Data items

----

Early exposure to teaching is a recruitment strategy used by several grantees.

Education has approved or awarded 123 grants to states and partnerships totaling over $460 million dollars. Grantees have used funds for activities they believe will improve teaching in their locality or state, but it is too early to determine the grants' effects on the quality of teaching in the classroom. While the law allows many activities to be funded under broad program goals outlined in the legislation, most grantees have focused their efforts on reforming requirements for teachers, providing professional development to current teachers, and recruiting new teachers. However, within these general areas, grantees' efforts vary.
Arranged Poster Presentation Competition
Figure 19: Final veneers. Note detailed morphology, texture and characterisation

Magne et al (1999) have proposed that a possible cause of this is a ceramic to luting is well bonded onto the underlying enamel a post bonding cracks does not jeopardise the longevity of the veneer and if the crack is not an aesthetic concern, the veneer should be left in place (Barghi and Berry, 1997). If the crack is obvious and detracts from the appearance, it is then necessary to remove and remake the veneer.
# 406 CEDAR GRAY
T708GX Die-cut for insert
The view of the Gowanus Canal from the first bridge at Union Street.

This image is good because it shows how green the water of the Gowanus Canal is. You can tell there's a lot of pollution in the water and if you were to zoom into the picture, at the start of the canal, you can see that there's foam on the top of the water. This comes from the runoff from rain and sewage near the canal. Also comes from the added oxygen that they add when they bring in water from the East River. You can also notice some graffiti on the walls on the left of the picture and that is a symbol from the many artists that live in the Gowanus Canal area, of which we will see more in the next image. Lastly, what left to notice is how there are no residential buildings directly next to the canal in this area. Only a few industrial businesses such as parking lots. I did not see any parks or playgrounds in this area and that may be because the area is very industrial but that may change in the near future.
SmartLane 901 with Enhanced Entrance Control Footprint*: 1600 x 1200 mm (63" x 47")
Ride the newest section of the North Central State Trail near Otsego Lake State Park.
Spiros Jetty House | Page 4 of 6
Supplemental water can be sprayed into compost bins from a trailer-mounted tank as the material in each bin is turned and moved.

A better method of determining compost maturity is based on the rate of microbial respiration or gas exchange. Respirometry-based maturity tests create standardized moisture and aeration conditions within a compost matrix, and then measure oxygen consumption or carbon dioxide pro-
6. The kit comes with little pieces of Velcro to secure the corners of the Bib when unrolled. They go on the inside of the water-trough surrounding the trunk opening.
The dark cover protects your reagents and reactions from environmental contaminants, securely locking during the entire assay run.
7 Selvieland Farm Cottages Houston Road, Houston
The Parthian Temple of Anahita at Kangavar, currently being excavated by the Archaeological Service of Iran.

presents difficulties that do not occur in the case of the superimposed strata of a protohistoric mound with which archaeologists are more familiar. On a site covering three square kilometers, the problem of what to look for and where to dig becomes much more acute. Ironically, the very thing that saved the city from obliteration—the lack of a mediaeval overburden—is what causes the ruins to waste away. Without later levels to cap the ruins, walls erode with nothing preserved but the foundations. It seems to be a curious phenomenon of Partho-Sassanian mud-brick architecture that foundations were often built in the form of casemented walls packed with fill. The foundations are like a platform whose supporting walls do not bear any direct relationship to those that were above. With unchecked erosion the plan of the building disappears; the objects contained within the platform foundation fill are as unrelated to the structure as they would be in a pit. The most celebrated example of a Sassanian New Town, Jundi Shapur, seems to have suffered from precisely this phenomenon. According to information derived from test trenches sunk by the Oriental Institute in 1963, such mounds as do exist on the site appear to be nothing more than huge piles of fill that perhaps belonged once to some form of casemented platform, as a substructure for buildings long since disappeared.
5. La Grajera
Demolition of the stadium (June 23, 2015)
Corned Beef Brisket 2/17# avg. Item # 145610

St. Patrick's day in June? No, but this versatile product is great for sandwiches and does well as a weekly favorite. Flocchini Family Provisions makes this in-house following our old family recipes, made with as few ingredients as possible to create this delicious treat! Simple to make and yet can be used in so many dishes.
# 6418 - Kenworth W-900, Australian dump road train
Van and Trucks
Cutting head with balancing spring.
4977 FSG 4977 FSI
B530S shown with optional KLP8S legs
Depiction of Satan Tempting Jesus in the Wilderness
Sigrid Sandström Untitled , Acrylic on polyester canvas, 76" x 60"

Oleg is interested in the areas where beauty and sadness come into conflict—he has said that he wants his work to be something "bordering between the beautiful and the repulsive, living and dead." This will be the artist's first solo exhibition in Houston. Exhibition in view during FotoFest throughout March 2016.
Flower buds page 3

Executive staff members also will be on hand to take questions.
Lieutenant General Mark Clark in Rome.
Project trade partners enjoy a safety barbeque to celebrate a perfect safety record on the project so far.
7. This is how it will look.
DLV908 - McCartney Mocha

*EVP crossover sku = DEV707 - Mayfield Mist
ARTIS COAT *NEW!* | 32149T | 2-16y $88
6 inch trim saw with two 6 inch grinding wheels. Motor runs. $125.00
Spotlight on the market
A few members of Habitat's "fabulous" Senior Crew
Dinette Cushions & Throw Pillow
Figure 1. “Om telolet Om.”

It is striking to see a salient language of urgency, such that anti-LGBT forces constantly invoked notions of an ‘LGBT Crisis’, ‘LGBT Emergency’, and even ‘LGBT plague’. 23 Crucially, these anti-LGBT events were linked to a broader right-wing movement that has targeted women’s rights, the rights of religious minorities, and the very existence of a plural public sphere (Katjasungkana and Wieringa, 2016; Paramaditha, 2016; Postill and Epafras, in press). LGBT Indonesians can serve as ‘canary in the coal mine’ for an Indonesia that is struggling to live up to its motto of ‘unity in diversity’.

----

TASK REQUIREMENTS
Reproduce, please, every line of the records above without alteration.

SOLUTION TO THIS EXERCISE
Early exposure to teaching is a recruitment strategy used by several grantees.

Education has approved or awarded 123 grants to states and partnerships totaling over $460 million dollars. Grantees have used funds for activities they believe will improve teaching in their locality or state, but it is too early to determine the grants' effects on the quality of teaching in the classroom. While the law allows many activities to be funded under broad program goals outlined in the legislation, most grantees have focused their efforts on reforming requirements for teachers, providing professional development to current teachers, and recruiting new teachers. However, within these general areas, grantees' efforts vary.
Arranged Poster Presentation Competition
Figure 19: Final veneers. Note detailed morphology, texture and characterisation

Magne et al (1999) have proposed that a possible cause of this is a ceramic to luting is well bonded onto the underlying enamel a post bonding cracks does not jeopardise the longevity of the veneer and if the crack is not an aesthetic concern, the veneer should be left in place (Barghi and Berry, 1997). If the crack is obvious and detracts from the appearance, it is then necessary to remove and remake the veneer.
# 406 CEDAR GRAY
T708GX Die-cut for insert
The view of the Gowanus Canal from the first bridge at Union Street.

This image is good because it shows how green the water of the Gowanus Canal is. You can tell there's a lot of pollution in the water and if you were to zoom into the picture, at the start of the canal, you can see that there's foam on the top of the water. This comes from the runoff from rain and sewage near the canal. Also comes from the added oxygen that they add when they bring in water from the East River. You can also notice some graffiti on the walls on the left of the picture and that is a symbol from the many artists that live in the Gowanus Canal area, of which we will see more in the next image. Lastly, what left to notice is how there are no residential buildings directly next to the canal in this area. Only a few industrial businesses such as parking lots. I did not see any parks or playgrounds in this area and that may be because the area is very industrial but that may change in the near future.
SmartLane 901 with Enhanced Entrance Control Footprint*: 1600 x 1200 mm (63" x 47")
Ride the newest section of the North Central State Trail near Otsego Lake State Park.
Spiros Jetty House | Page 4 of 6
Supplemental water can be sprayed into compost bins from a trailer-mounted tank as the material in each bin is turned and moved.

A better method of determining compost maturity is based on the rate of microbial respiration or gas exchange. Respirometry-based maturity tests create standardized moisture and aeration conditions within a compost matrix, and then measure oxygen consumption or carbon dioxide pro-
6. The kit comes with little pieces of Velcro to secure the corners of the Bib when unrolled. They go on the inside of the water-trough surrounding the trunk opening.
The dark cover protects your reagents and reactions from environmental contaminants, securely locking during the entire assay run.
7 Selvieland Farm Cottages Houston Road, Houston
The Parthian Temple of Anahita at Kangavar, currently being excavated by the Archaeological Service of Iran.

presents difficulties that do not occur in the case of the superimposed strata of a protohistoric mound with which archaeologists are more familiar. On a site covering three square kilometers, the problem of what to look for and where to dig becomes much more acute. Ironically, the very thing that saved the city from obliteration—the lack of a mediaeval overburden—is what causes the ruins to waste away. Without later levels to cap the ruins, walls erode with nothing preserved but the foundations. It seems to be a curious phenomenon of Partho-Sassanian mud-brick architecture that foundations were often built in the form of casemented walls packed with fill. The foundations are like a platform whose supporting walls do not bear any direct relationship to those that were above. With unchecked erosion the plan of the building disappears; the objects contained within the platform foundation fill are as unrelated to the structure as they would be in a pit. The most celebrated example of a Sassanian New Town, Jundi Shapur, seems to have suffered from precisely this phenomenon. According to information derived from test trenches sunk by the Oriental Institute in 1963, such mounds as do exist on the site appear to be nothing more than huge piles of fill that perhaps belonged once to some form of casemented platform, as a substructure for buildings long since disappeared.
5. La Grajera
Demolition of the stadium (June 23, 2015)
Corned Beef Brisket 2/17# avg. Item # 145610

St. Patrick's day in June? No, but this versatile product is great for sandwiches and does well as a weekly favorite. Flocchini Family Provisions makes this in-house following our old family recipes, made with as few ingredients as possible to create this delicious treat! Simple to make and yet can be used in so many dishes.
# 6418 - Kenworth W-900, Australian dump road train
Van and Trucks
Cutting head with balancing spring.
4977 FSG 4977 FSI
B530S shown with optional KLP8S legs
Depiction of Satan Tempting Jesus in the Wilderness
Sigrid Sandström Untitled , Acrylic on polyester canvas, 76" x 60"

Oleg is interested in the areas where beauty and sadness come into conflict—he has said that he wants his work to be something "bordering between the beautiful and the repulsive, living and dead." This will be the artist's first solo exhibition in Houston. Exhibition in view during FotoFest throughout March 2016.
Flower buds page 3

Executive staff members also will be on hand to take questions.
Lieutenant General Mark Clark in Rome.
Project trade partners enjoy a safety barbeque to celebrate a perfect safety record on the project so far.
7. This is how it will look.
DLV908 - McCartney Mocha

*EVP crossover sku = DEV707 - Mayfield Mist
ARTIS COAT *NEW!* | 32149T | 2-16y $88
6 inch trim saw with two 6 inch grinding wheels. Motor runs. $125.00
Spotlight on the market
A few members of Habitat's "fabulous" Senior Crew
Dinette Cushions & Throw Pillow
Figure 1. “Om telolet Om.”

It is striking to see a salient language of urgency, such that anti-LGBT forces constantly invoked notions of an ‘LGBT Crisis’, ‘LGBT Emergency’, and even ‘LGBT plague’. 23 Crucially, these anti-LGBT events were linked to a broader right-wing movement that has targeted women’s rights, the rights of religious minorities, and the very existence of a plural public sphere (Katjasungkana and Wieringa, 2016; Paramaditha, 2016; Postill and Epafras, in press). LGBT Indonesians can serve as ‘canary in the coal mine’ for an Indonesia that is struggling to live up to its motto of ‘unity in diversity’.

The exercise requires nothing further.